Please give the whole listing again word for word, and drop any pictures it holds.

PROVIDED MATERIAL:
-----

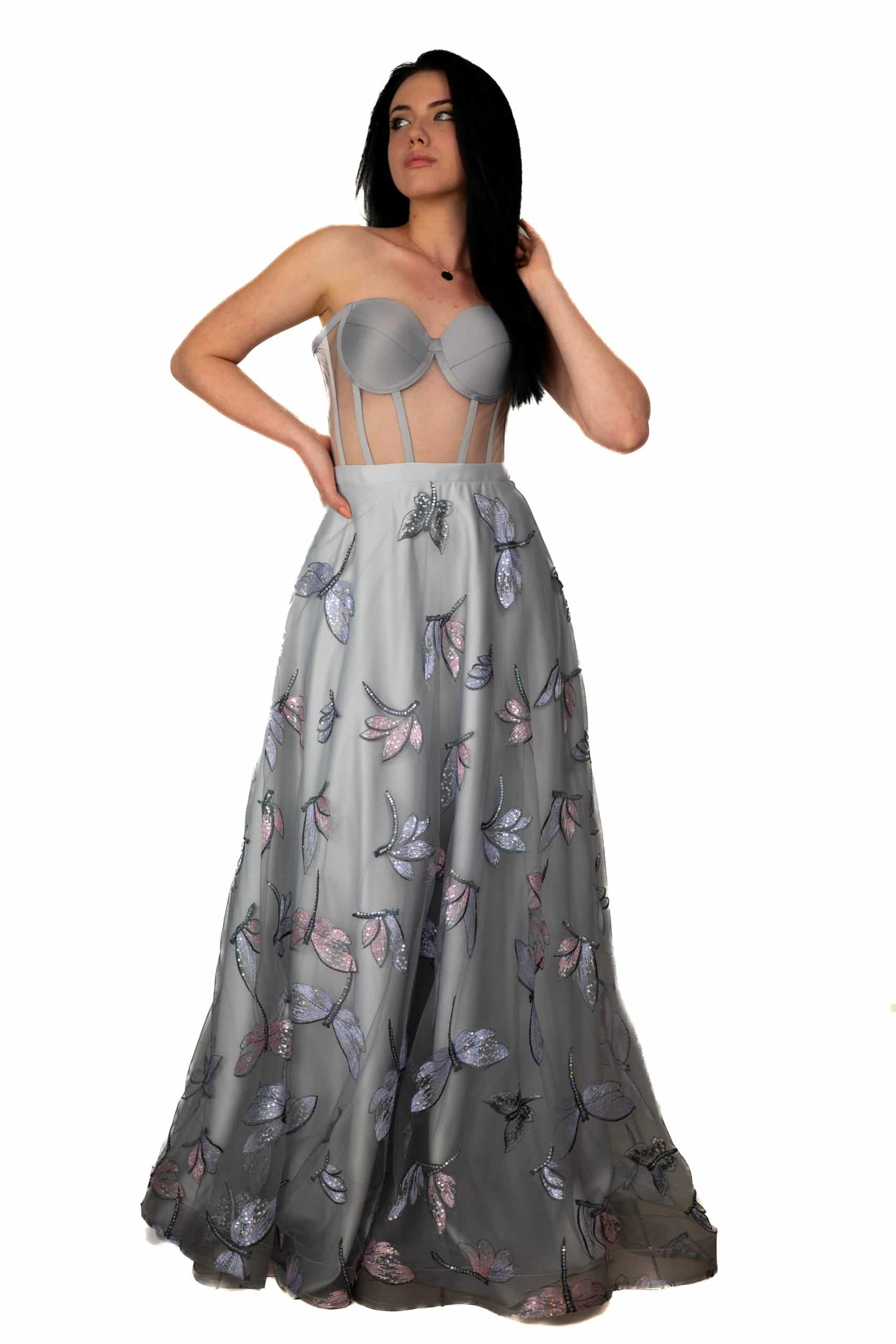 Изчистен сив корсет с разкроена сатенена пола която е окрасена с нежен тюл на морски кончета. Подходяща за официални поводи, морска сватба и коктейли.
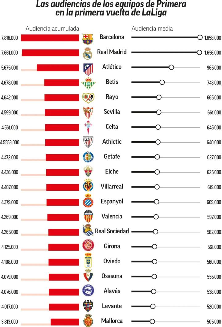 扫描下载懂球帝首页>动态> 马卡列西甲上半程收视率:巴萨场均吸引165万观众位列第一
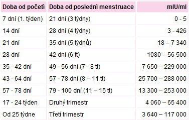 @peta1223 neviem, ci je to dobre, mne nikdy Hcg nemerali, ani krv nebrali, aspon o tom neviem ani pri jednom tehu...Ak brali, tak vysledky len povedali, ze su v poriadku, no hodnoty mna nikdy nezaujimali ziadne 😉...Tu je tabulka z netu, myslim, ze mas Hcg v norme - podla toho, co Ty pises, si asi v 4-5tt, ci mylim sa?...Uvidis, ako bude stupat...Kedy mas najblizsi odber na Hcg?
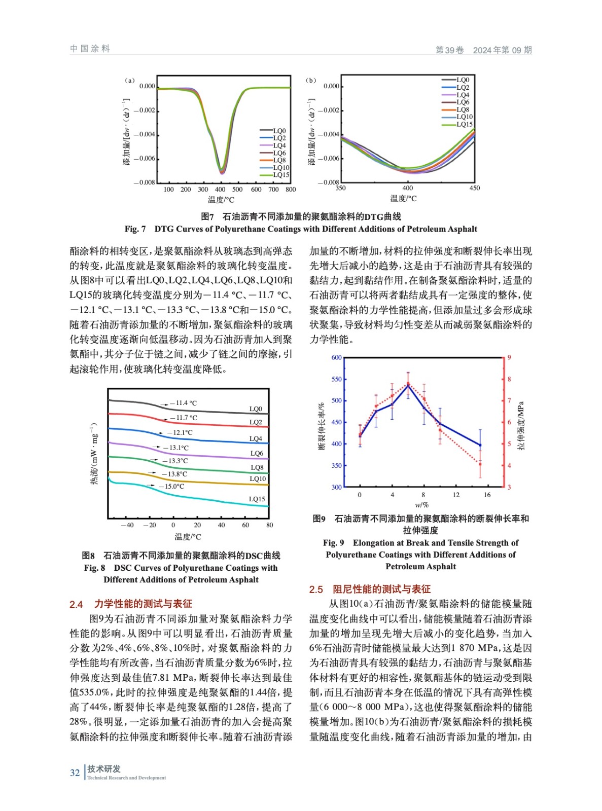 摘要:將石油瀝青作為填料加入聚氨酯涂料中,通過相關測試表征來探究石油瀝青對聚氨酯涂料阻尼性能的影響。測試發現,隨著石油瀝青添加量的增加,涂料的儲能模量、損耗模量以及損耗因子都呈現出先增大后減小的趨勢,當石油瀝青添加量為6%(質量分數,后同)時,儲能模量和損耗模量得到提升,同時損耗因子的峰值達到最大為0.94。石油瀝青的加入使聚氨酯涂料的力學性能也得到改善,當石油瀝青添加量為6%時,拉伸強度達到7.81 MPa,是純聚氨酯涂料的1.44倍;斷裂伸長率達到535.0%,是純聚氨酯涂料的1.28倍。

-----

RESULT OF THE TASK:
 Изчистен сив корсет с разкроена сатенена пола която е окрасена с нежен тюл на морски кончета. Подходяща за официални поводи, морска сватба и коктейли.
 扫描下载懂球帝首页>动态> 马卡列西甲上半程收视率:巴萨场均吸引165万观众位列第一
 @peta1223 neviem, ci je to dobre, mne nikdy Hcg nemerali, ani krv nebrali, aspon o tom neviem ani pri jednom tehu...Ak brali, tak vysledky len povedali, ze su v poriadku, no hodnoty mna nikdy nezaujimali ziadne 😉...Tu je tabulka z netu, myslim, ze mas Hcg v norme - podla toho, co Ty pises, si asi v 4-5tt, ci mylim sa?...Uvidis, ako bude stupat...Kedy mas najblizsi odber na Hcg?
 摘要:將石油瀝青作為填料加入聚氨酯涂料中,通過相關測試表征來探究石油瀝青對聚氨酯涂料阻尼性能的影響。測試發現,隨著石油瀝青添加量的增加,涂料的儲能模量、損耗模量以及損耗因子都呈現出先增大后減小的趨勢,當石油瀝青添加量為6%(質量分數,后同)時,儲能模量和損耗模量得到提升,同時損耗因子的峰值達到最大為0.94。石油瀝青的加入使聚氨酯涂料的力學性能也得到改善,當石油瀝青添加量為6%時,拉伸強度達到7.81 MPa,是純聚氨酯涂料的1.44倍;斷裂伸長率達到535.0%,是純聚氨酯涂料的1.28倍。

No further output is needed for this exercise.